Déjà Vu in General
A polaroid picture is intimate, immediate and unpredictable. It has the whiff of the past from the moment it’s made. Each of the hundreds of photographs in Déjà Vu in General contains elements of the things and people I have loved in my life. Some document my circumstances and state of mind most candidly, suddenly; and some are more deliberate, the better to express a more considered range of feelings and perhaps impart a certain, if ambiguous message. And, as in all my work, on one level it is about feminism and being free with our bodies and rejecting the pernicious dynamic of sex shaming that’s all around us. This is a manifestation of my obsession with art’s capacity for progressive subversion; for being a safe(r) place to enact social rule-breaking.

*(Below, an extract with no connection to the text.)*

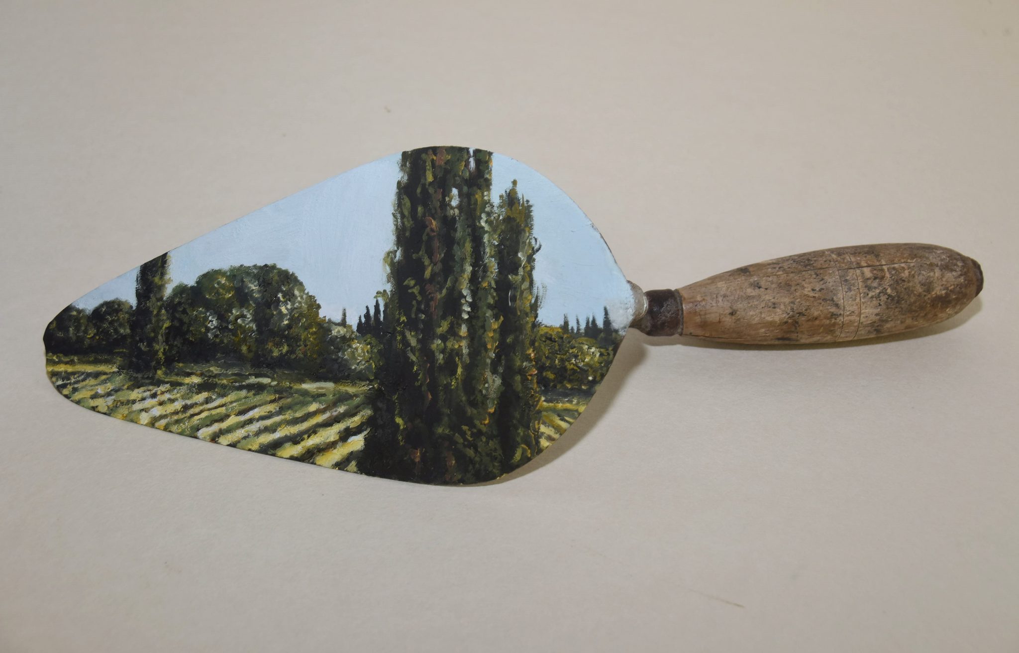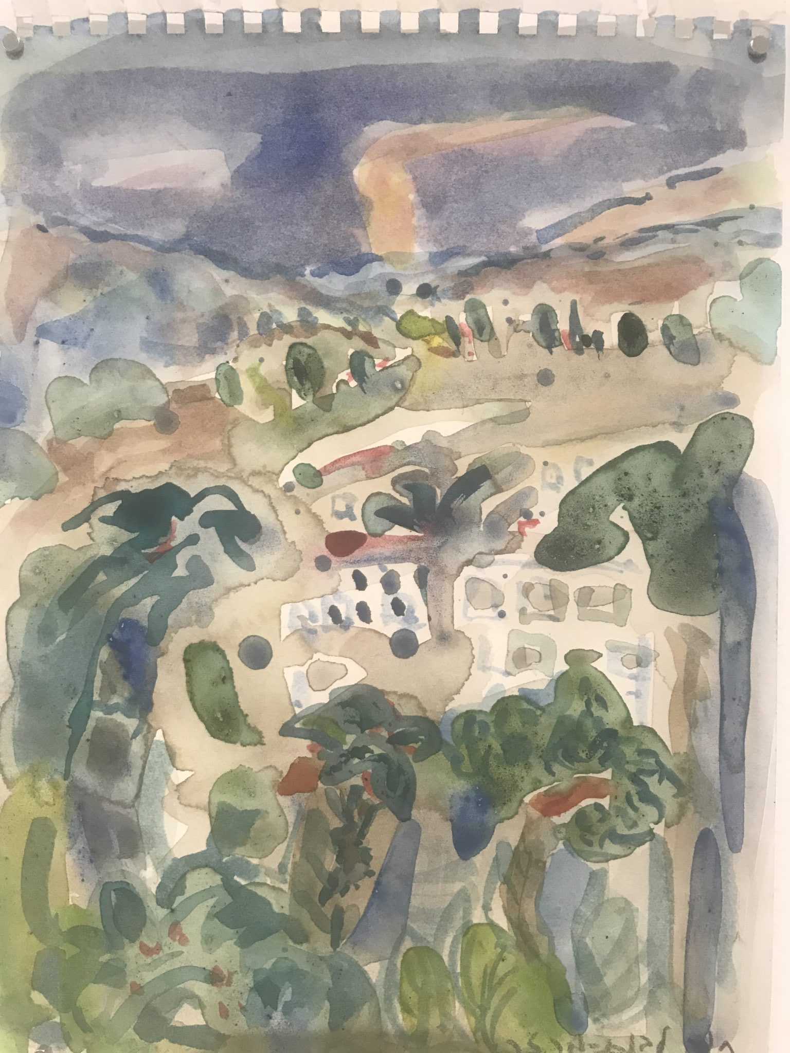 The works in the exhibition are extremely diverse in quality. Some of the works that stand out are watercolors by Muriel Bentwich from the 1940s, and Chava Livnat Merzer’s landscapes of northern Israel (one is dated 1980). Margot Gran’s interesting paintings look like ink drawings. Haya Graetz Ran is exhibiting two lovely works painted on objects, while Hadar Gad’s Jezreel Valley (2012) is an impressive work, the only one capturing the breathtaking quality of landscape and the moment in which one feels overwhelmed standing before a view. Gad’s work, whether due to its size or the places in which she ceases to describe reality, correspond with the history of the Romantic landscape of the 19th century, especially American painters such as Thomas Cole.

These images are culled from a universe of hundreds more that make up a very personal archive, which is being added to nearly every day, as it has been for a decade. Suddenly after years of not keeping track, like memories themselves, I find I have literally a library of them — and I still want more. As I rediscovered and augmented the series, I immersed myself in re-living, sorting, weighing, meandering, and deciphering… and I discovered I had built something like a narrative, something like a diary of subconscious, episodic impulses composed of myriad feelings now passed, lingering. Like polaroids themselves, these moments are transformed through preservation, like memories in external dimensions, each one a portal to a kind of pocket universe, as if I could take my camera into my own lucid dreams.